Can I switch the order of integration and "Real(z)" operation? Let $f(z,\eta)$ be an entire function.
I need to calculate (numerically) the integral: $$\int\limits _{0}^{\pi}\mbox{Re}\left(\int\limits _{0}^{\pi}f\left(z,\eta\right)d\eta\right)dz$$
Can I switch the inner order and calculate the next integral instead? $$\mbox{Re}\left[\int\limits _{0}^{\pi}\int\limits _{0}^{\pi}f\left(z,\eta\right)d\eta dz\right]$$
 A: Yes, due to the linearity of integration.

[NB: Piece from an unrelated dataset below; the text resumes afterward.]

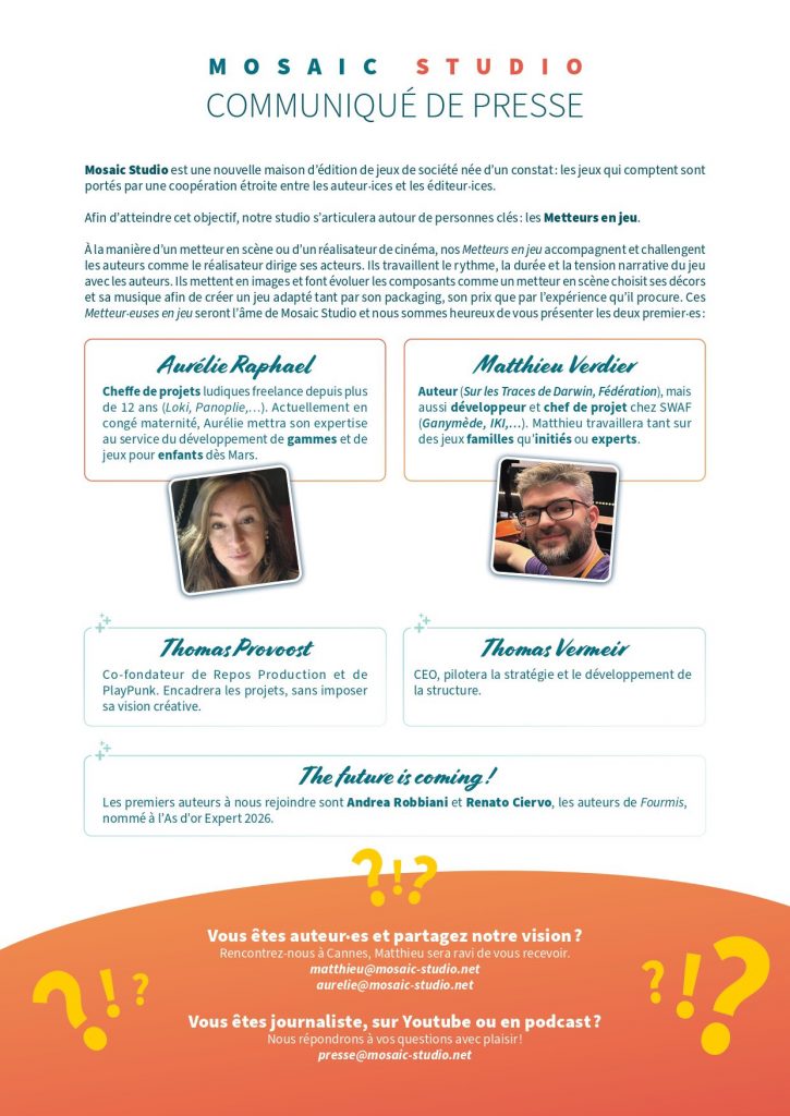 Mosaic Studio est une nouvelle maison d’édition de jeux de société née d’un constat : les jeux qui comptent sont portés par une coopération étroite entre les auteur·ices et les éditeur·ices.

The justification is as follows: Define $F(z) = \int_0^\pi f(z, \eta) \, d\eta$. Then $F(z) = F_1(z) + i F_2(z)$ where $F_1(z) = \Re F(z)$ and $F_2(z) = \Im F(z)$. On one hand we have 
\begin{align}
\int_0^\pi \Re \left( \int_0^\pi f(z, \eta) \, d\eta \right) \, dz &= \int_0^\pi \Re F(z) \, dz \\
&= \int_0^\pi F_1(z) \, dz.
\end{align}
On the other hand we have
\begin{align}
\Re \left( \int_0^\pi \int_0^\pi f(z, \eta) \, d\eta \, dz \right) &= \Re \left( \int_0^\pi F(z) \, dz \right) \\
&= \Re \left( \int_0^\pi (F_1(z) + i F_2(z)) \, dz \right) \\
&= \Re \left( \int_0^\pi F_1(z) \, dz + i \int_0^\pi F_2(z) \, dz \right).
\end{align}
Since $F_1(z)$ and $F_2(z)$ are real, and since they are integrated on the interval $[0, \pi] \subset \mathbb{R}$, the two definite integrals are real. Therefore
$$ \Re \left( \int_0^\pi F_1(z) \, dz + i \int_0^\pi F_2(z) \, dz \right) = \int_0^\pi F_1(z) \, dz $$
Therefore the original two expressions are equal, as claimed.